The specialist, who also saw Elendt’s style colleague and former world champion Marco Koch, saw it as the gift of good coordination and outstanding power, which the swimmer acquired with her first club sporting steps as a gymnast and which she transfers from land to the pool like no other trained and trained with her, reasons for that. Elendt got the decisive boost towards the top of the world when, after graduating from high school in 2020, she was inspired by her father to take up a scholarship in the United States.

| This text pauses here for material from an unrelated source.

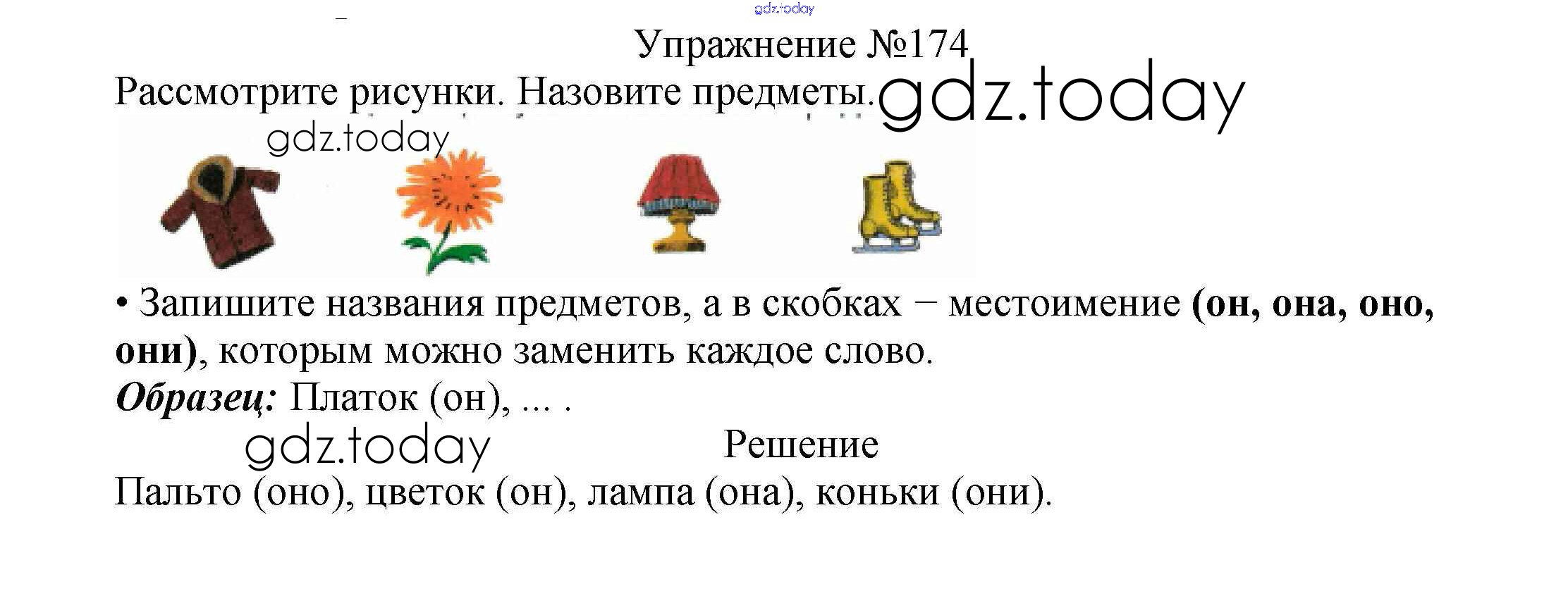 На страницах сайта gdz.today вы найдете учебный и вспомогательный материал, направленный на улучшения знаний школьной программы. ГДЗ - онлайн мир знаний Решение к части №2 (Упражнения) 174 Учебнику по Русскому языку для 2 класса Канакина, Горецкий Просвещение Школа России 2013

There, at the University of Texas in Austin, the sports management student enjoys optimal conditions, is trained by Carol Capitani, who twice led Rebecca Soni to Olympic gold in the 200-meter breaststroke, and is part of a training group of around 25 young women, all of whom are motivate each other. The technical details of take-offs and dives are worked on intensively. Despite the torment, music from the poolside creates a summer party atmosphere every day.

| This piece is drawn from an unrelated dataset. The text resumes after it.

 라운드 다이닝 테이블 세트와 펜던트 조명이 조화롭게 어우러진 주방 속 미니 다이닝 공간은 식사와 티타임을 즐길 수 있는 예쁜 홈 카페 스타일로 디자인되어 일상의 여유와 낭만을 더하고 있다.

But more has happened overseas from which the young woman with Caribbean roots benefits: she has become very open, self-confident and highly professional. With the sound of her adopted country in her voice, she meets everyone in a friendly and sometimes cheeky way. According to sports director Christian Hansmann, the German Swimming Association is happy about its new leader, who, with her positive, American-influenced attitude, brings a good mood to the team and pulls her colleagues along.

In the coming days, the mermaid, gliding along in a striking pink outfit, still has a lot planned: over 200 meters this Wednesday and over 50 meters on Friday, she wants to start in the individual and “see what’s up”; then she flies to Berlin on Sunday, where there is still the possibility of snagging a national gold medal at least over the longest distance at the German championships beginning on Thursday as part of the “finals”. The two titles she could defend have already been reassigned.

With so much commitment, Elendt did not let a small mishap slow her down, the consequences of which can still be seen in her eyes. During her short stay at home before the World Cup, a mirror broke in her room when she was moving a dresser, and she cut her eyebrow in the process. The “cut” still hurts, says Elendt. But at the latest when she dives into the water, that’s forgotten. Then only the “battle” counts for the competition type.